Представленный Гжегожевским в рассказе о японском живописце акт уничтожения символического измерения искусства мы найдем в огромном количестве свидетельств о Катастрофе. Я приведу одно, которое, по-моему, сильно перекликается с театром Гжегожевского.
Жан Амери: «Помню, как однажды зимним вечером, когда после работы мы под угнетающие крики капо „Левой раз, два, три“ нестройным шагом брели с фабрики „ИГ Фарбен“ назад в лагерь, мне попался на глаза флаг, бог весть почему развевавшийся на недостроенном здании. „Стены стоят / Хладны и немы. / Стонет ветер, / И дребезжат флюгера“, — по ассоциации механически пробормотал я себе под нос. Потом повторил эту строфу громче, прислушался к звучанию слов, попробовал отдаться их ритму, ожидая, что во мне возникнет связанное с этим стихотворением Гёльдерлина эмоциональное и духовное переживание. Но ничего не произошло. Стихотворение утратило трансцендентность, не выходило за пределы действительности. Имело лишь сугубо буквальный смысл: так и так, капо орет „Левой!“, а суп был жидкий, а ветер полощет флаги»[875]
.Гжегожевский во многих своих спектаклях прибегал к стратегии мертвой цитаты, вырванной из ее символического контекста, обрывку убитой поэзии, лишенной как функции «придавать действительности трансцендентность», так и функции установления связей — и между сценическими фигурами, и между сценой и зрительным залом.

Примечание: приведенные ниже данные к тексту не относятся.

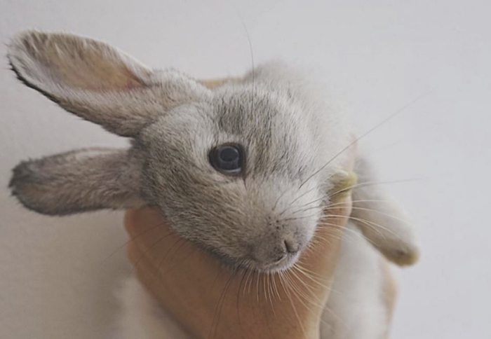 Mia publicó una foto de uno de los conejos rescatados, que fue sometido a un tratamiento veterinario para recuperar la posición erguida de su cabeza, y que debido a las sucias condiciones de vida de la granja donde permanecía, fue víctima de un parásito en su oído.

Как же тогда разыграть ситуацию радикальным образом отринутых связей, инсценировать ситуацию отсутствия коммуникации? На самые радикальные спектакли Ежи Гжегожевского я предложил бы посмотреть в рамках концепции шибболета, о которой писал Жак Деррида в связи с поэзией Пауля Целана. Шибболет — это слово, которое действует своим звучанием, а не значением, его правильное произношение открывает ситуацию перехода, неправильное — навлекает смерть. Шибболет, отождествляемый со стихом, не гарантирует прозрачности значений, тайна не может быть прочитана, самое большее — может быть подтверждено ее существование. Нет никакого непоэтического значения, которое предшествовало бы стиху (тайна крипты), а затем было бы преобразовано переложением на поэтический распев. Дата оказывается зашифрована (cryptée — то есть по-своему предана смерти, замкнута в крипте, утрачена) в самом стихе и не предоставляет, таким образом, доступа к самому событию. К тому же предназначением даты является то, что однажды она перестает нести значение, или, скорее, как это прекрасно определяет Деррида, ее предназначение — «
Анализируемая Деррида ситуация «отсутствия у даты значения» (но не в обычном смысле отсутствия или несущественности, но как раз в смысле зашифрованности, криптографии), представляется мне важной в контексте некоторых спектаклей Гжегожевского. Например, как раз «Западни». Вот фрагмент рецензии Стефана Тройгута: «рядом со смертью малой, частной, личной, — прожорливый ужас великого уничтожения. […] Одно и другое соседствуют, как черные фигуры сына, отца, палачей, как движущееся черное крыло какого-то поверженного идола, как хаотическое множество мелких и больших вещей. Хаос, обрывки событий, фрагменты сцен, абсолютная произвольность того, что происходит и как происходит, но не совсем произвольная произвольность, поскольку все тут настроено на двойное ви́дение, на контраст обычного с демоническим, понятного с иррациональным, ибо целое представляет нечто, что еще несет остатки смысла, целеполагания, но в любой момент готово рассыпаться»[878]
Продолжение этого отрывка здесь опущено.